Rozegrał w barwach Puszczy Niepołomice – w rozgrywkach ligowych – 42 mecze, w których strzelił osiem bramek. To nie jest statystyka, którą Roman Stepankow będzie chwalił się w swoim CV. Niemniej jednak jego pierwsza runda – na wiosnę 2015 roku zapowiadała, że mocno zbudowany Ukrainiec poprowadzi zespół Puszczy do sukcesów. Stepankow strzelił sześć bramek oraz prezentował trudny dla obrońców styl gry: grał zdecydowanie, twardo, często na granicy przepisów (trzy żółte kartki), a także potrafił przytrzymać piłkę w strefie obronnej przeciwnika. Kolejny sezon, który miał potwierdzić jakość Stepankowa, zaczął się dla niego bardzo korzystnie. Napastnik strzelił dwie bramki w Pucharze Polski, a jedną w drugiej kolejce przeciwko Stali Mielec. Na kolejne trafienie czekał bardzo długo, bo do kwietnia 2016 roku.

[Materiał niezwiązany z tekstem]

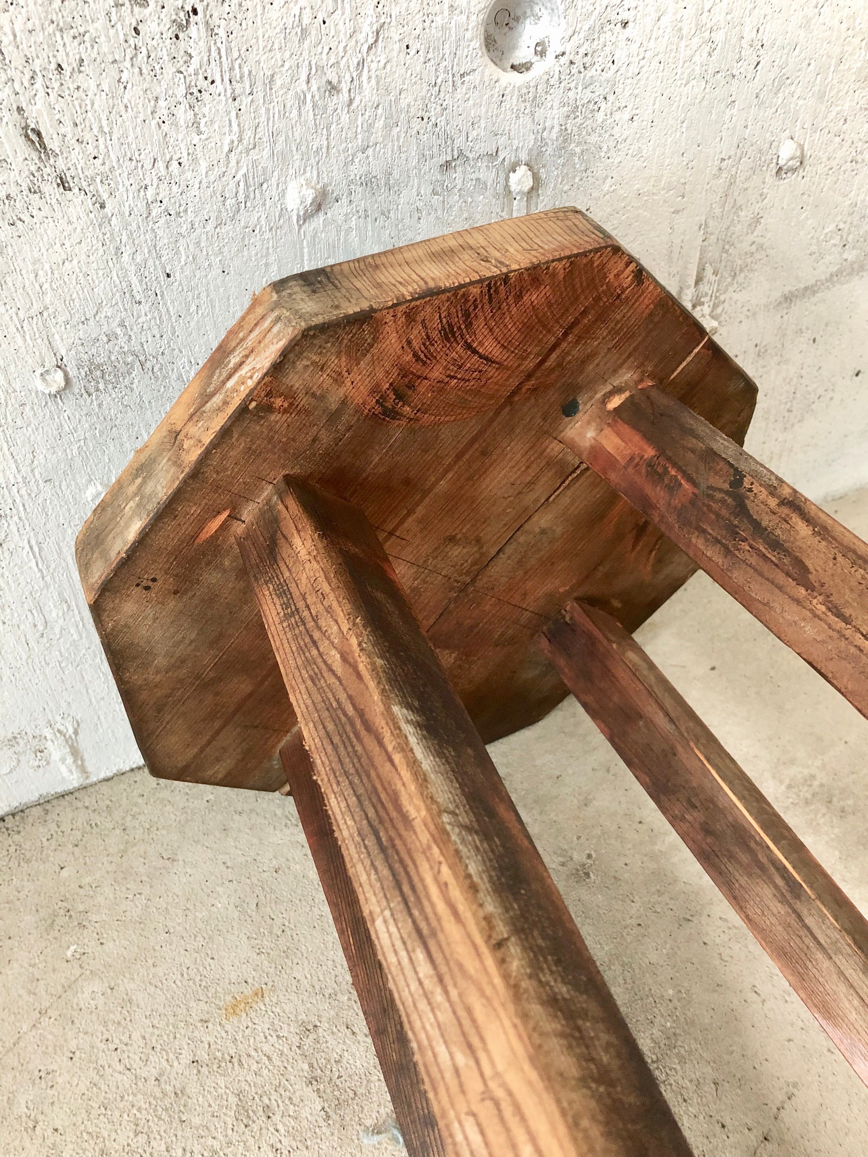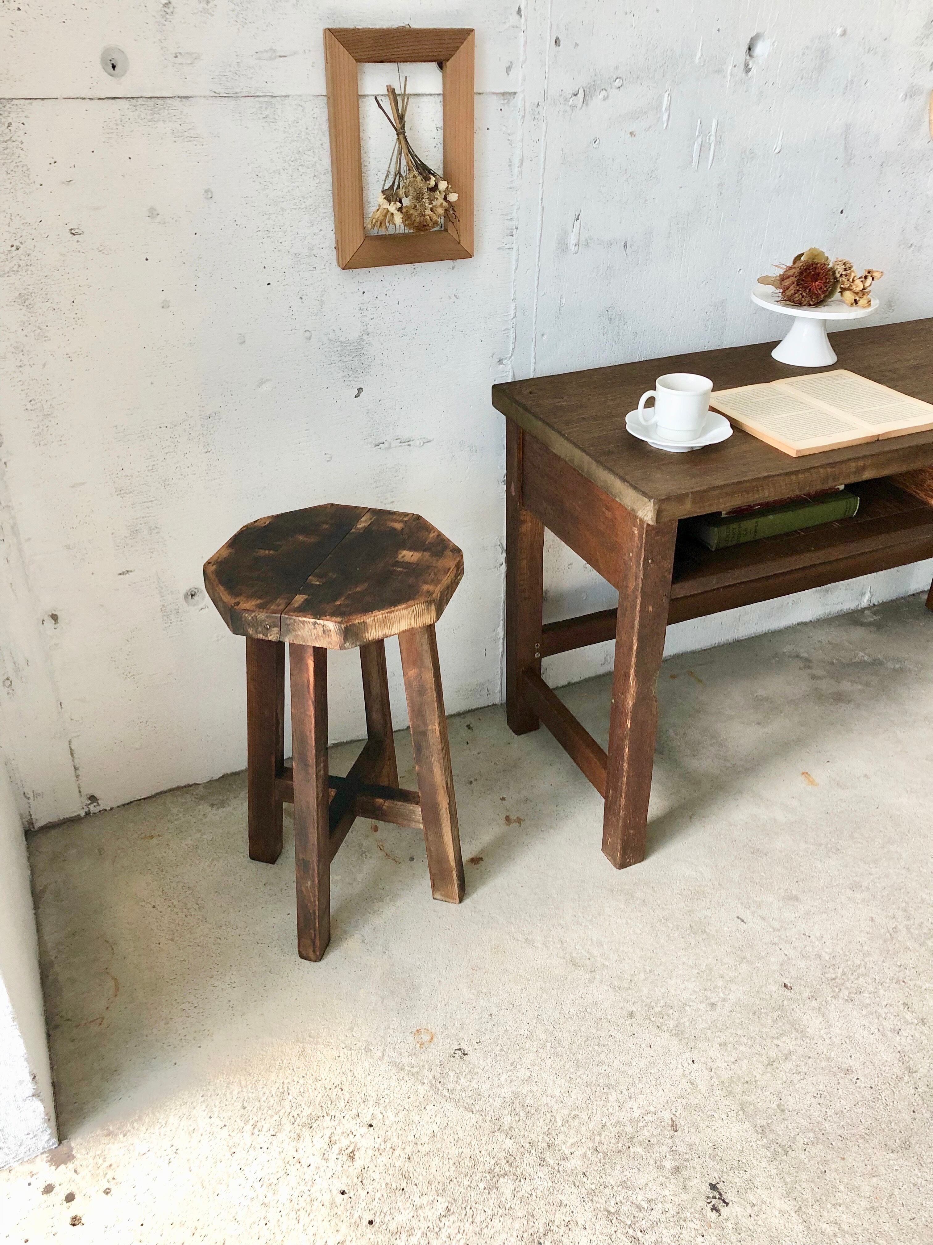 木の温かみを感じさせてくれる木製のスツール。8角形の座面が個性的で感じ良いです。少しがたつきはありますが、状態は良いです。実用使いでアトリエや食卓用の椅子、お子さん用の椅子、キッチンや玄関先で腰掛け椅子、ディスプレイ台として植物を飾ってみても素敵です。

W międzyczasie na boisku walczył i gromadził żółte kartki. To napastnik (defensywny), który odpowiadałby koncepcji trenera Tomasza Tułacza. W sezonie 2016/2017, jesienią Ukrainiec zagrał tylko sześć minut przeciwko Olimpii Elbląg oraz pięć minut w Pucharze. Było jasne, że Stepankow odejdzie zimą. W nowym klubie prowadzić go będzie znany z gry w Ekstraklasie Adam Fedoruk.
Roman Stepankow:
wiosna 2015: 15 meczów, wszystkie w wyjściowym składzie, dziesięć pełnych, 6 bramek (3 z karnych), 3 żółte.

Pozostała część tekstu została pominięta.